◆ Exercise details ◆
Every line from the line containing "Syed Talat Hussain" through the end of the data is to be reproduced exactly, excluding pictures.

++++ Given information ++++

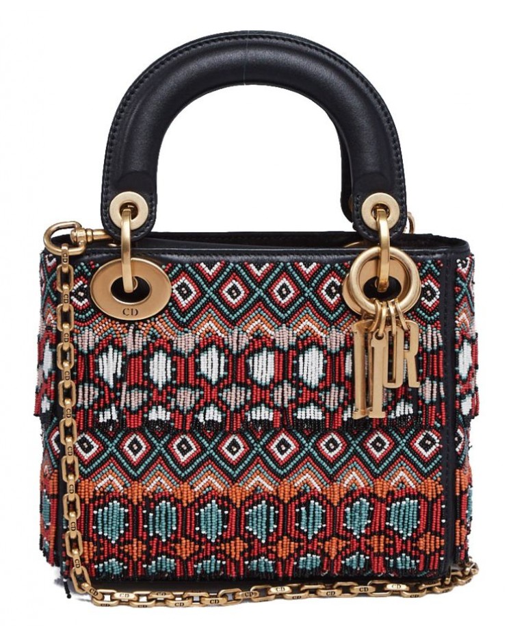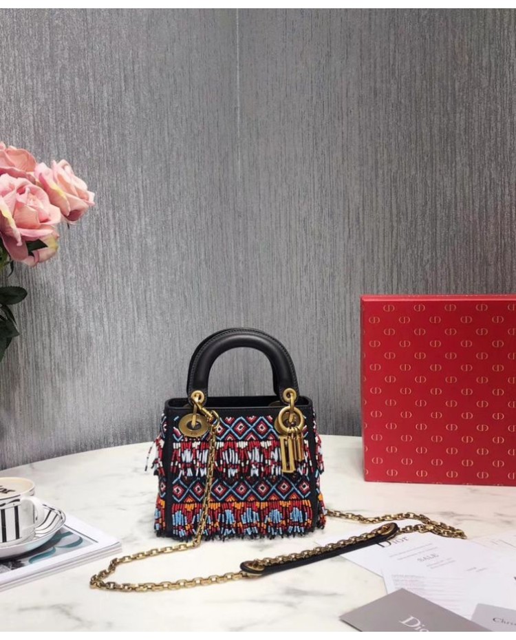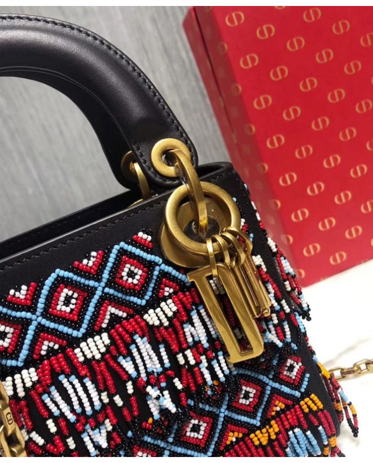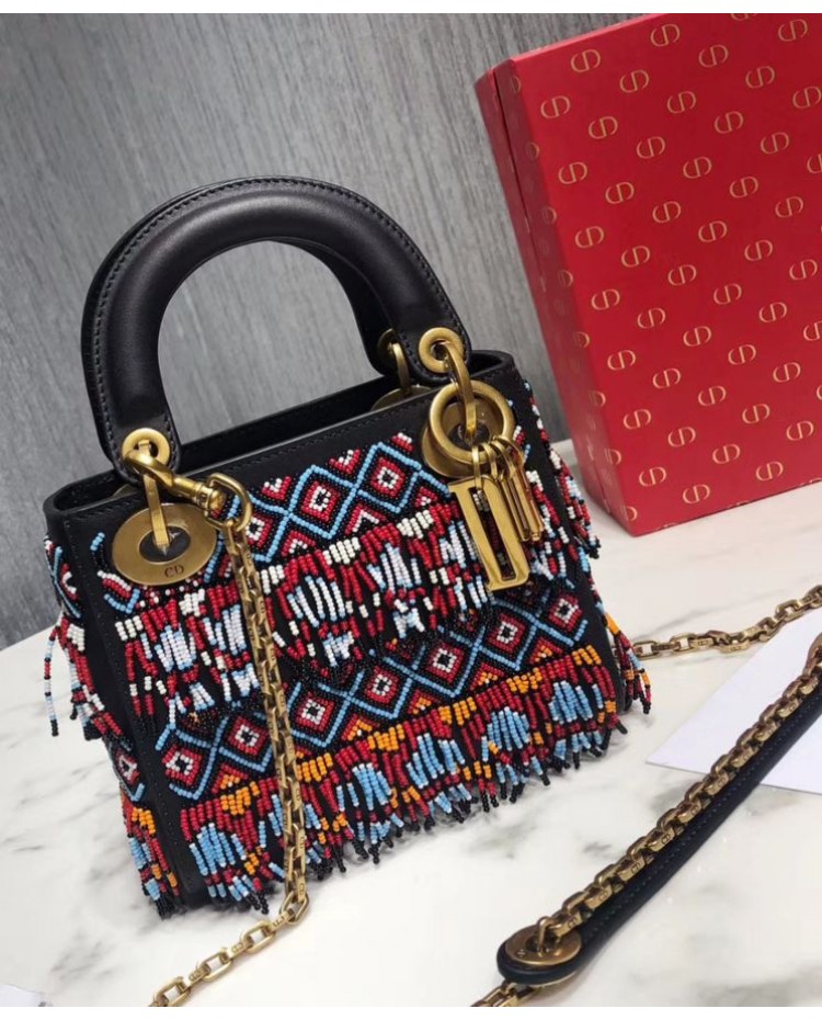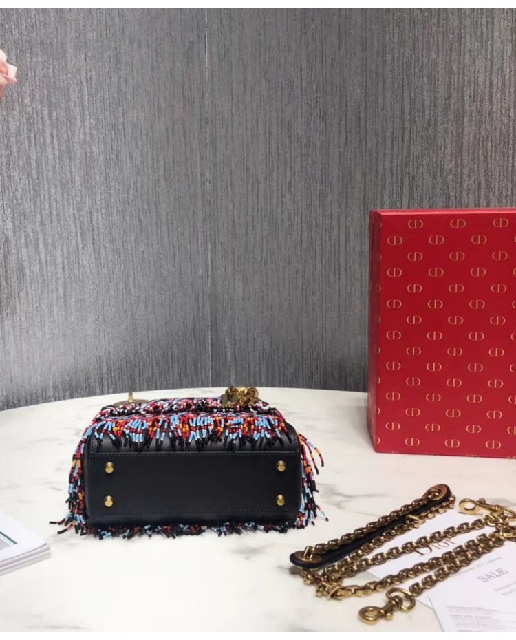 Dior Leather Beaded Fringe Mini Lady Dior Bag Red
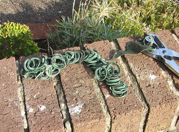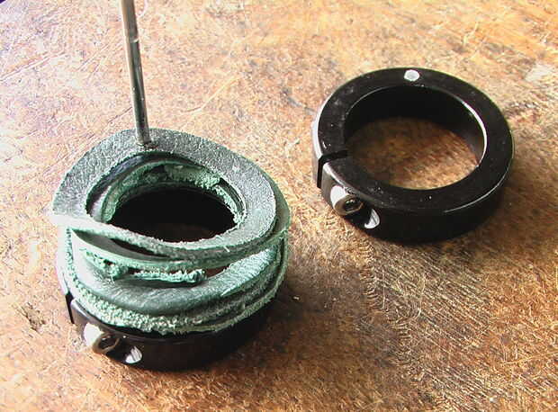 Ahora tenemos que hacer un agujerito de 2mm en todos los rizos de cuero, para que ellos se 'thread' en el habla. Para esto usé una herramienta del sacador de agujero real, utilizada para hacer agujeros en cinturones de cuero y similares. Si no tienes uno,
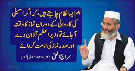 Syed Talat Hussain @TalatHussain12](https://twitter.com/TalatHussain12) 2h Sirajul Haq of JI in serious negotiations between PTI and Govt.I have seen draft proposals.Fairly comprehensive. Sensible.
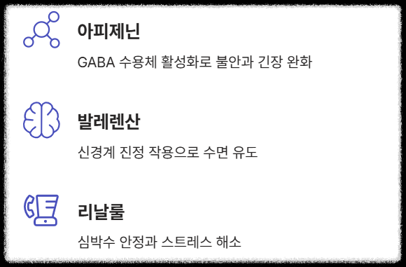 | 카모마일 | 아피제닌 | 불안 완화, 진정 작용 |

++++

◆ Result of this exercise ◆
 Syed Talat Hussain @TalatHussain12](https://twitter.com/TalatHussain12) 2h Sirajul Haq of JI in serious negotiations between PTI and Govt.I have seen draft proposals.Fairly comprehensive. Sensible.
 | 카모마일 | 아피제닌 | 불안 완화, 진정 작용 |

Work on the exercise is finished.